Recorded data
----------------

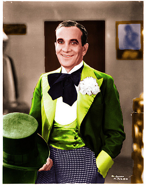 One of my favorites – Al Jolson. Here is an original photo taken during his 1930 film, MAMMY. The black and white photography is not especially artistic:
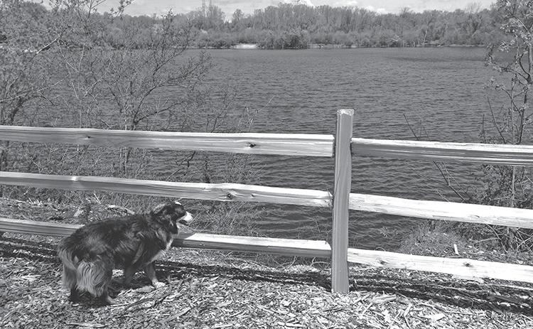 This dog enjoys a view of the beautiful lake at the Independence Grove Dog Park.
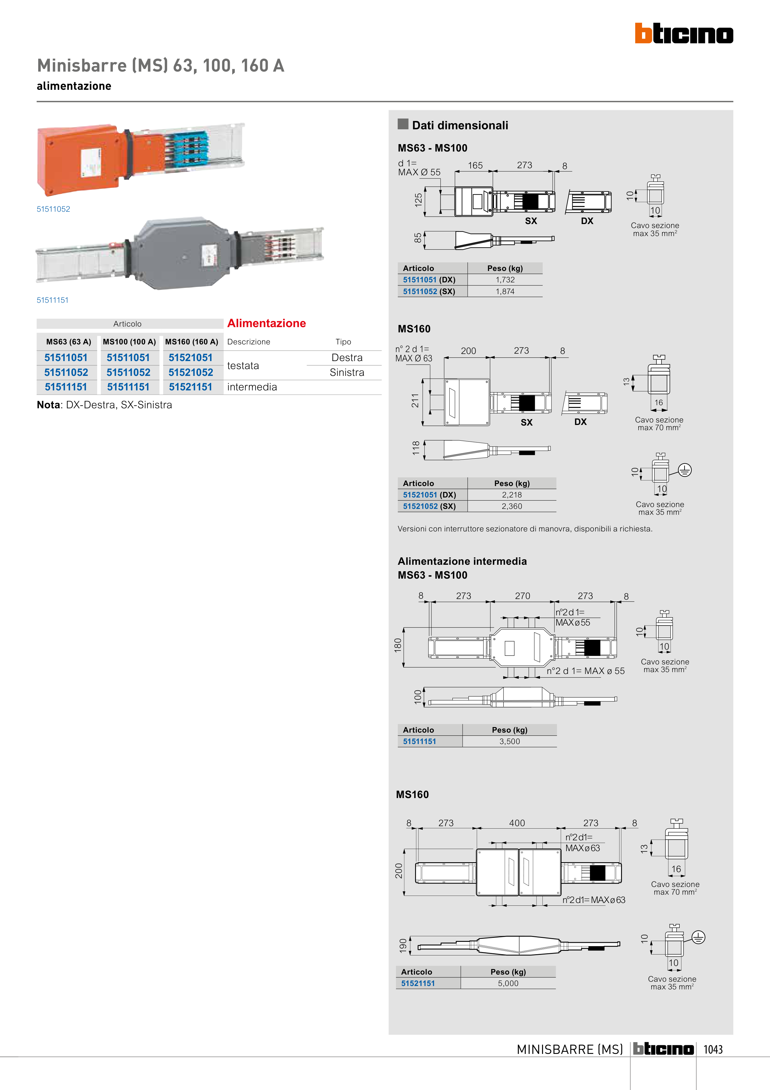 Minisbarre (MS) 63, 100, 160 A
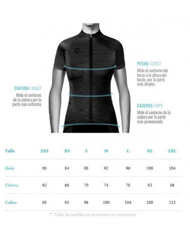 Su panel frontal está confeccionado en un tejido elástico y compresivo, mientras que la parte trasera incorpora un tejido perforado que aporta una mayor transpirabilidad.
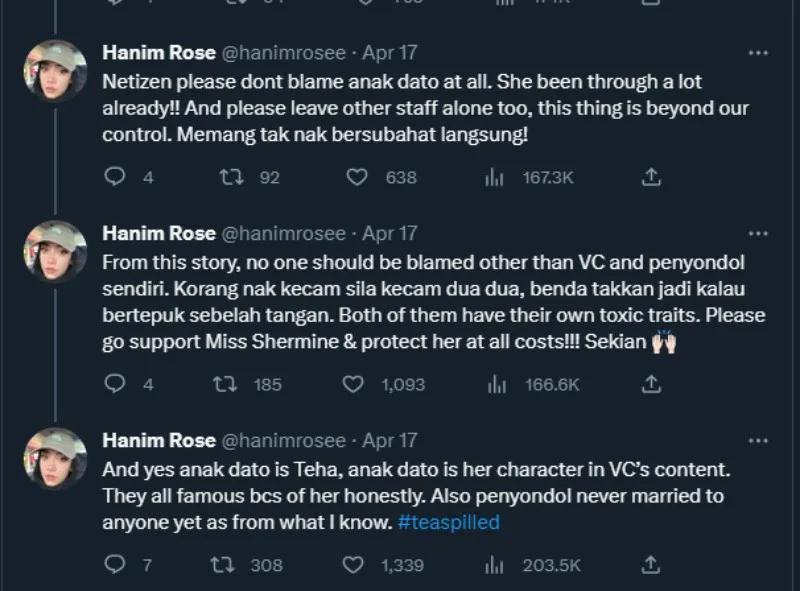 Apparently, the employees actually tried to warn Shermine about her husband’s infidelity but she loved him too much at the time to believe their warnings. As for Mira, Hanim accused her of being just as terrible as the influencer as she took advantage of her relationship with her boss. The Twitter user ended the thread by advising netizens to not come for View Chin’s wife and daughter as she believes they are innocent.

----------------

- [ASSIGNED TASK]: Set down again, word for word, every line from the one with "This dog enjoys" to the one with "Su panel frontal" in the entries above, and omit the pictures.

- [PROBLEM SOLUTION]:
 This dog enjoys a view of the beautiful lake at the Independence Grove Dog Park.
 Minisbarre (MS) 63, 100, 160 A
 Su panel frontal está confeccionado en un tejido elástico y compresivo, mientras que la parte trasera incorpora un tejido perforado que aporta una mayor transpirabilidad.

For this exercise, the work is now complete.